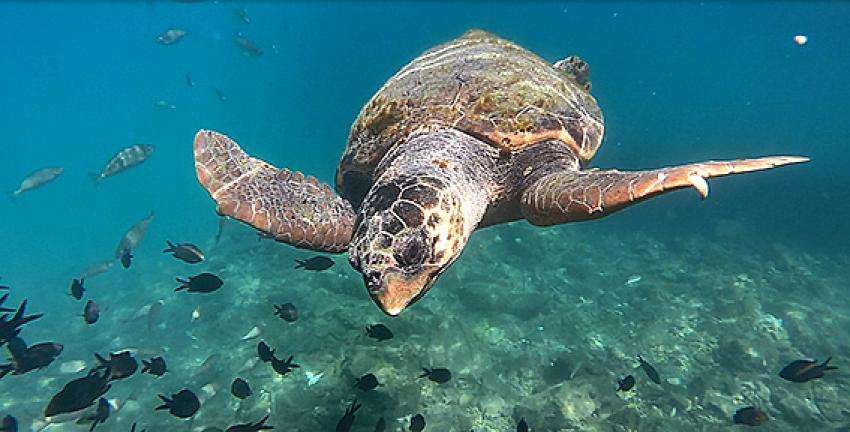 Antalya'nın turistik İlçesi Kaş'ta ortaya çıkan iki yetişkin caretta caretta türü deniz kaplumbağası, turistlerin ilgi odağı oldu. Sahile yakın bir noktada su yüzeyine çıkan carettalarla yüzen turtistler, zaman zaman kamlumbağanın başını da okşadı. Bütün bu renkli anları ise su altı kamerasıyla görüntülendi
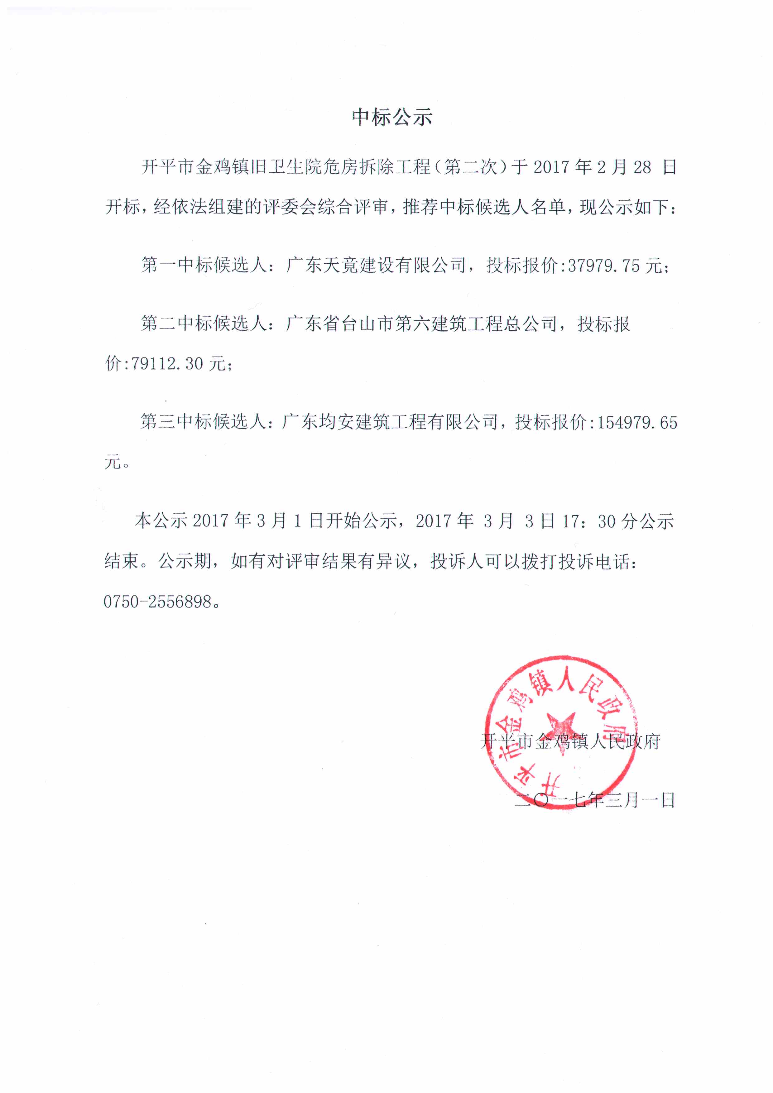海棠直播 金鸡镇旧卫生院危房拆除工程中标公示
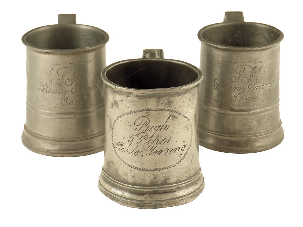 Two George III pewter pint tankards, engraved with initials 'J F' and 'Bonny Cravat Inn', 11.7cm high, together with another tankard inscribed 'Pugh 5 Pipes Pickle Herring'. (3)
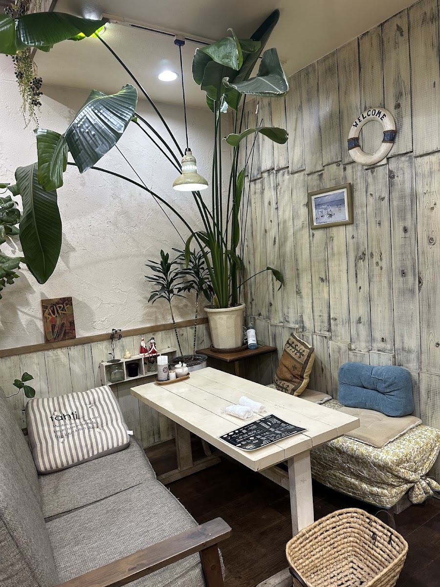 Upon entering, you are greeted by a cozy ambiance filled with the gentle warmth of sunlight filtering through the windows. The decor is a fusion of vintage charm and modern aesthetic, which perfectly encapsulates the relaxed vibe of a traditional Japanese café. The attention to detail is evident, with beautifully arranged plants and decorative objects that create an inviting and serene atmosphere.

— Exercise prompt —
Word for word, restate each line above, minus its pictures.

— Output of the exercise —
 Antalya'nın turistik İlçesi Kaş'ta ortaya çıkan iki yetişkin caretta caretta türü deniz kaplumbağası, turistlerin ilgi odağı oldu. Sahile yakın bir noktada su yüzeyine çıkan carettalarla yüzen turtistler, zaman zaman kamlumbağanın başını da okşadı. Bütün bu renkli anları ise su altı kamerasıyla görüntülendi
海棠直播 金鸡镇旧卫生院危房拆除工程中标公示
 Two George III pewter pint tankards, engraved with initials 'J F' and 'Bonny Cravat Inn', 11.7cm high, together with another tankard inscribed 'Pugh 5 Pipes Pickle Herring'. (3)
 Upon entering, you are greeted by a cozy ambiance filled with the gentle warmth of sunlight filtering through the windows. The decor is a fusion of vintage charm and modern aesthetic, which perfectly encapsulates the relaxed vibe of a traditional Japanese café. The attention to detail is evident, with beautifully arranged plants and decorative objects that create an inviting and serene atmosphere.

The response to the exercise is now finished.